Molson Coors Brewing Company (MCBC) is a holding company. The Company operates as a brewer. The Company’s segments include MillerCoors LLC (United States segment), operating in the United States; Molson Coors Canada (Canada segment), operating in Canada; Molson Coors Europe (Europe segment), operating in Bulgaria, Croatia, Czech Republic, Hungary, Montenegro, Republic of Ireland, Romania, Serbia, the United Kingdom and various other European countries; Molson Coors International (Molson Coors International segment), operating in various other countries, and Corporate. The Company brews, markets, sells and distributes a range of beer brands. The Company offers a portfolio of owned and partner brands, including Carling, Coors Light, Miller Lite, Molson Canadian and Staropramen, as well as craft and specialty beers, such as the Blue Moon Brewing Company brands, the Jacob Leinenkugel Brewing Company brands, Creemore Springs, Cobra and Doom Bar. TAP’s current market cap is $9.2 billion.

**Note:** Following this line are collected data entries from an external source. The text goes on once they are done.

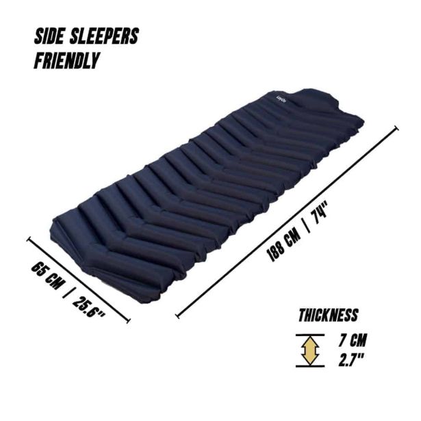 Ne glede na to, kam greš, lahko tja prideš z več udobja in veselja, če s seboj spakiraš svojo blazino LAYON. Ta blazina se napihne v nekaj sekundah, tako da ti ni več treba trpeti mrzle noči na trdih, neprizanesljivih tleh. Prav tako hitro se tudi izprazni. Presenečen boš, kako majhno se zloži.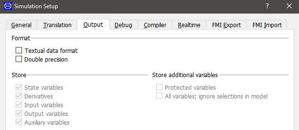 我在Dymola2021x中运行了一批模拟,在输出方面,我只关心一些状态变量。我认为限制选择的最简单方法是进入模拟Setup>Output>Store,只选中“状态变量”框。但是所有的选项都是灰色的,所以我不能限制输出。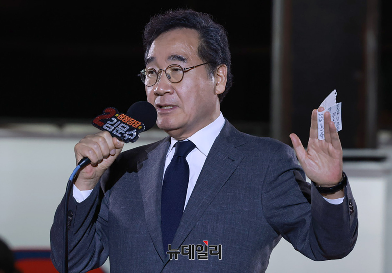 이낙연 전 국무총리가 마지막 선거유세날인 2일 밤 서울 중구 서울광장에서 열린 김문수 국민의힘 대선후보 피날레 유세에서 찬조연설을 하고 있다.

Earnings and Sales Growth: Over the last twelve months, earnings increased a little over 9.46%, while sales declined -3.42%. In the last quarter, earnings grew by 4.52% while sales increased 11.5%. TAP’s margin profile has historically been narrow, with Net Income over the last twelve months that was 4.86% of Revenues, but strengthened in the last quarter to 12.45% – a strong sign that the company is managing costs while also leveraging sales effectively.

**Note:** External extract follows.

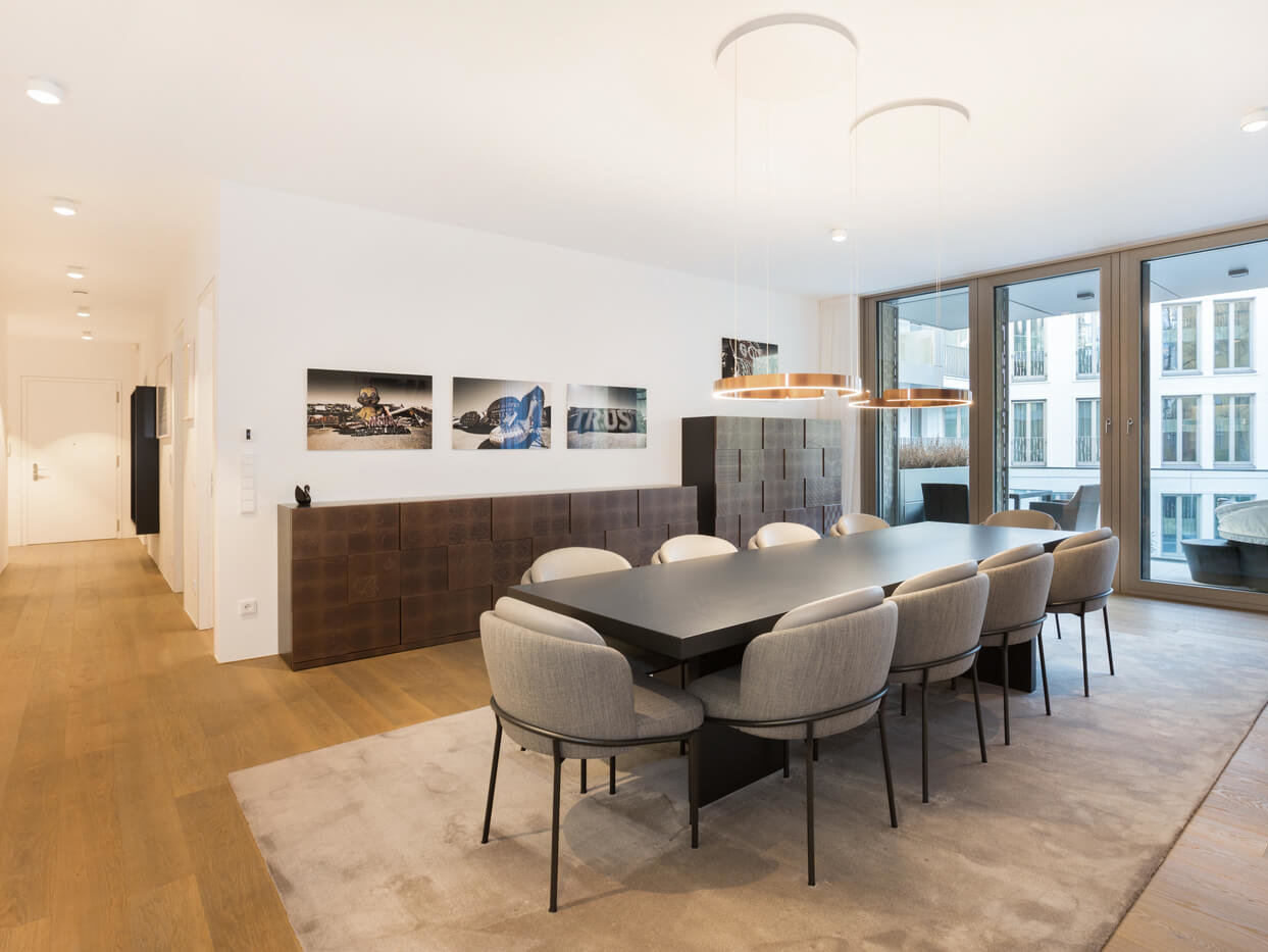 Mit ihrer subtil zitierenden Architektur fügt sich die Vorderfassade intelligent in die denkmalgeschützte Umgebung ein, während das kompromisslos moderne Rückgebäude ein ästhetisches Ausrufezeichen setzt. Der sehenswerte Innenhof schafft eine harmonische Verbindung. Mag das Äußere zwei Ausprägungen haben – allen Wohnungen gemeinsam sind offen konzipierte Grundrisse, überdurchschnittlich viel Tageslicht und eine hochwertige Ausstattung.

Free Cash Flow: TAP’s free cash flow is healthy, at a little over $1.5 billion for the trailing twelve month period. That translates to a very attractive Free Cash Flow yield of 18.41%.

Debt to Equity: TAP has a debt/equity ratio of .52, a relatively low number that indicates the company operates with a generally conservative philosophy about leverage. Despite their impressive margin profile, the company doesn’t have great liquidity, with cash and liquid assets of about $731 million against $7.1 billion billion in long-term debt. It is worth noting at the beginning of 2020, cash was about $666 million while long-term debt was around $8 billion – meaning that management has increased liquidity while reducing debt, and which is another sign of strength. It is also true that since the end of 2018 the company has cleared more than $2.4 billion in long-term debt from their balance sheet.

Dividend: TAP suspended its dividend payout earlier this year in response to COVID-19 concerns, with no forecast about if or when the dividend will be resumed.

Price/Book Ratio: there are a lot of ways to measure how much a stock should be worth; but I like to work with a combination of Price/Book and Price/Cash Flow analysis. Together, these measurements provide a long-term, fair value target around $72.50 per share. That means that TAP is extremely undervalued, offering 71% upside from its current price.

Technical Profile

Here’s a look at the stock’s latest technical chart.

Current Price Action/Trends and Pivots: The chart above displays the stock’s price activity over the last year. The red diagonal line traces the downward trend from a February peak at around $62 to a low in October at around $32. It also provides the baseline for the Fibonacci retracement lines shown on the right side of the chart. The stock’s rally since the beginning of the month is obvious, and has pushed the stock just a little below the 38.2% retracement line, which offers immediate resistance at around $43.50. Support is between $39 and $40 based on pivot activity in that range in May, June and July. A push above $43.50 should give the stock room to push to next resistance between $47 and $48 where the 50% retracement line sits, while a drop below $39 could see the stock drop to around $36 before finding next support.

Near-term Keys: The value proposition on TAP is compelling, with a strong balance sheet providing even more evidence that the market finally seems to be recognizing. I think that means that TAP’s long-term prospects are better than they have been in a couple of years. If you prefer to work with short-term trading strategies, you could use a push above $43.50 as a signal to buy the stock or to work with call options, using $47 to $48 as useful target prices for a bullish trade. A drop below $39 could offer a signal to think about shorting the stock or working with put options, using  $36 as a useful target on a bearish trade.